> _WHAT YOU NEED TO DO_
The result should be an exact copy of the entries that follow, with no pictures included.

Source records
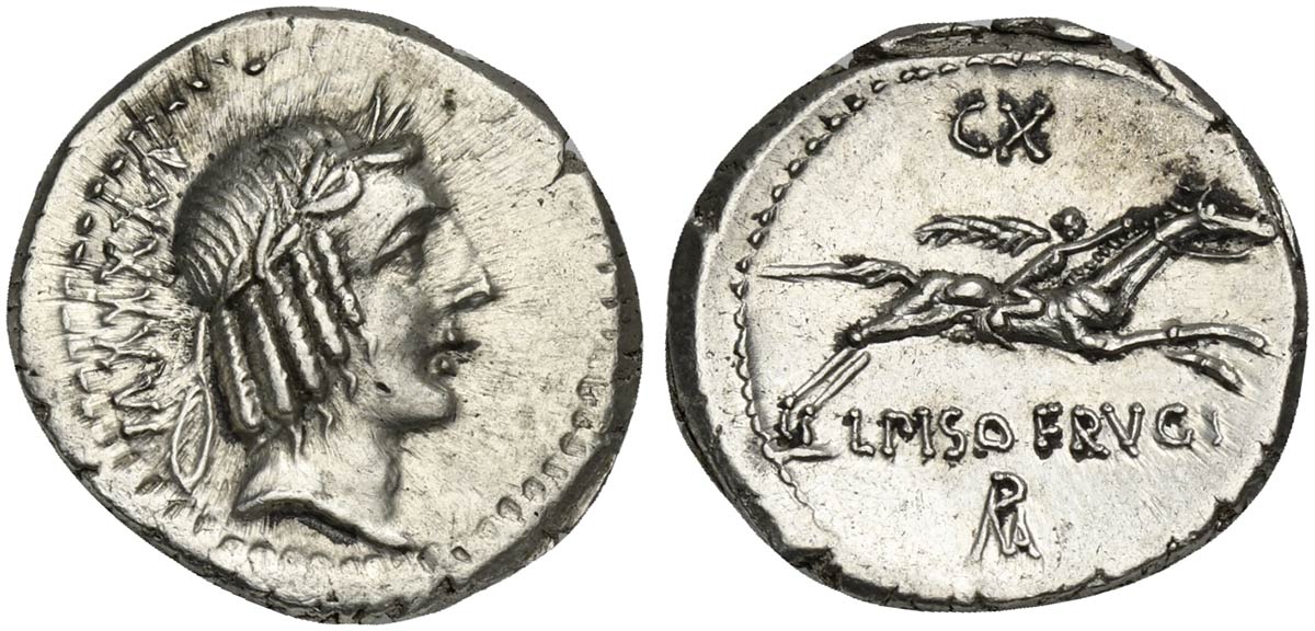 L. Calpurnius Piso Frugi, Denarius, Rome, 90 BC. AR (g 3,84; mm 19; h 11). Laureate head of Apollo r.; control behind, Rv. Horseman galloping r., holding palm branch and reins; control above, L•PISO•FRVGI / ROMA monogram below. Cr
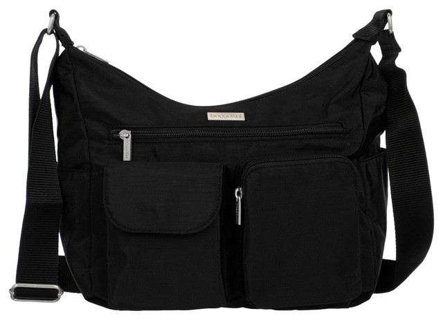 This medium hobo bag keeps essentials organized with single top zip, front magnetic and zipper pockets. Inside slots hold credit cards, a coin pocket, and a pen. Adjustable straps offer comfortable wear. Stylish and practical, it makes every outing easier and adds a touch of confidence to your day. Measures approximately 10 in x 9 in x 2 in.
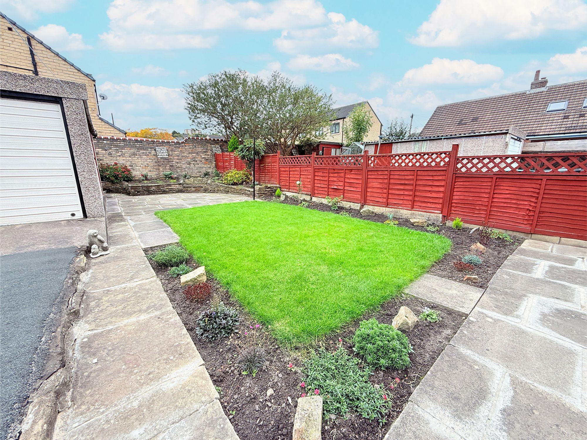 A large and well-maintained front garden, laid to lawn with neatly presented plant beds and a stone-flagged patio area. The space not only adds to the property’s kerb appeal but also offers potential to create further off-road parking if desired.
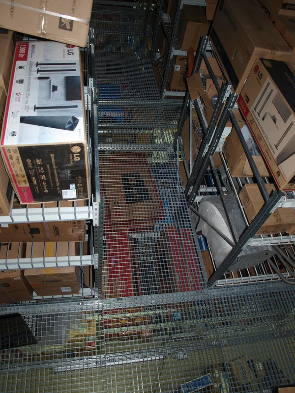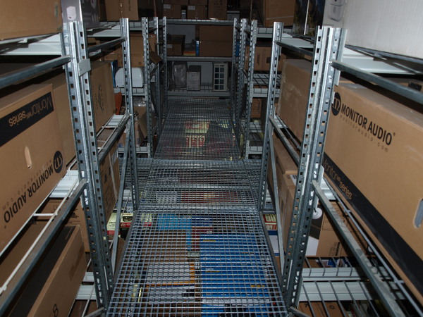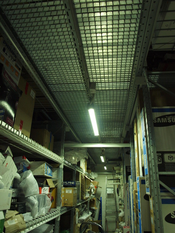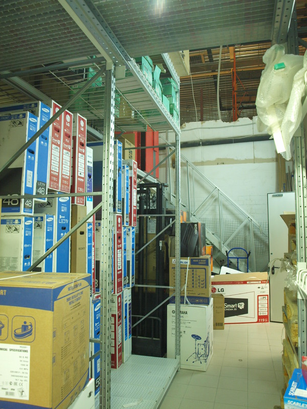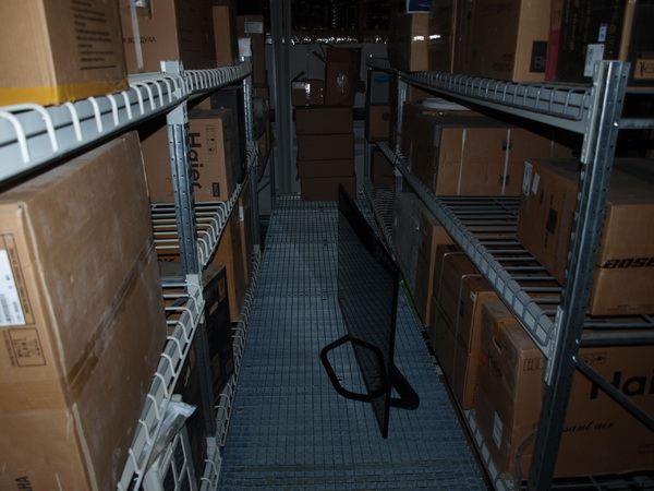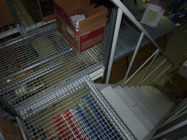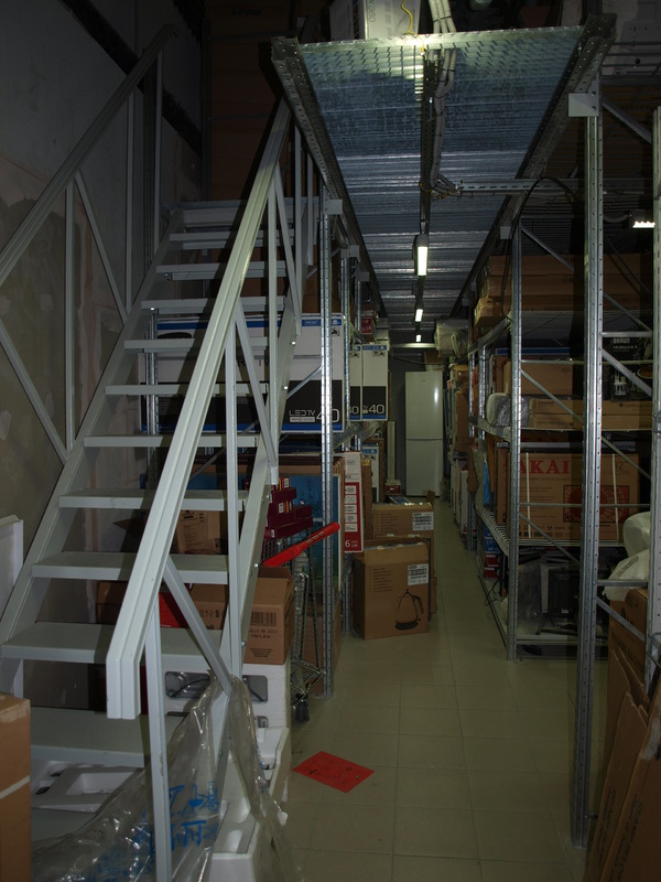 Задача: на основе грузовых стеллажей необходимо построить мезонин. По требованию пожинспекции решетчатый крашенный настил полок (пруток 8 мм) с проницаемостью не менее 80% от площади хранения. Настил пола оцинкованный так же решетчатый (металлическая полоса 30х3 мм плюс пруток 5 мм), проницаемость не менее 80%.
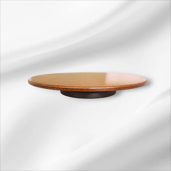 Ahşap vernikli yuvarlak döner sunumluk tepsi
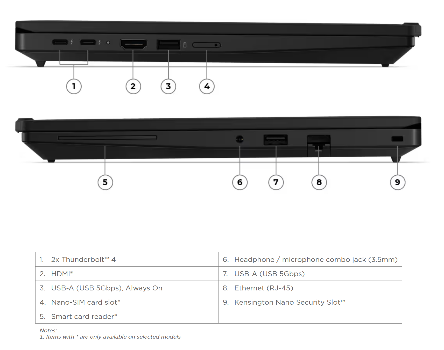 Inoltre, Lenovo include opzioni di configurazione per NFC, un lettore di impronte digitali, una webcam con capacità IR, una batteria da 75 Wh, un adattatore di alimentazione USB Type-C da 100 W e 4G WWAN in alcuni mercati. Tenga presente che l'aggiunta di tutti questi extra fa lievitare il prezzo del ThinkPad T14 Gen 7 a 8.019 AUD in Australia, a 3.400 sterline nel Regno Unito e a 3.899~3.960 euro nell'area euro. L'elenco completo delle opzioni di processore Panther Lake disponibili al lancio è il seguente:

> _YOUR RESPONSE_
 L. Calpurnius Piso Frugi, Denarius, Rome, 90 BC. AR (g 3,84; mm 19; h 11). Laureate head of Apollo r.; control behind, Rv. Horseman galloping r., holding palm branch and reins; control above, L•PISO•FRVGI / ROMA monogram below. Cr
 This medium hobo bag keeps essentials organized with single top zip, front magnetic and zipper pockets. Inside slots hold credit cards, a coin pocket, and a pen. Adjustable straps offer comfortable wear. Stylish and practical, it makes every outing easier and adds a touch of confidence to your day. Measures approximately 10 in x 9 in x 2 in.
 A large and well-maintained front garden, laid to lawn with neatly presented plant beds and a stone-flagged patio area. The space not only adds to the property’s kerb appeal but also offers potential to create further off-road parking if desired.
 Задача: на основе грузовых стеллажей необходимо построить мезонин. По требованию пожинспекции решетчатый крашенный настил полок (пруток 8 мм) с проницаемостью не менее 80% от площади хранения. Настил пола оцинкованный так же решетчатый (металлическая полоса 30х3 мм плюс пруток 5 мм), проницаемость не менее 80%.
 Ahşap vernikli yuvarlak döner sunumluk tepsi
 Inoltre, Lenovo include opzioni di configurazione per NFC, un lettore di impronte digitali, una webcam con capacità IR, una batteria da 75 Wh, un adattatore di alimentazione USB Type-C da 100 W e 4G WWAN in alcuni mercati. Tenga presente che l'aggiunta di tutti questi extra fa lievitare il prezzo del ThinkPad T14 Gen 7 a 8.019 AUD in Australia, a 3.400 sterline nel Regno Unito e a 3.899~3.960 euro nell'area euro. L'elenco completo delle opzioni di processore Panther Lake disponibili al lancio è il seguente:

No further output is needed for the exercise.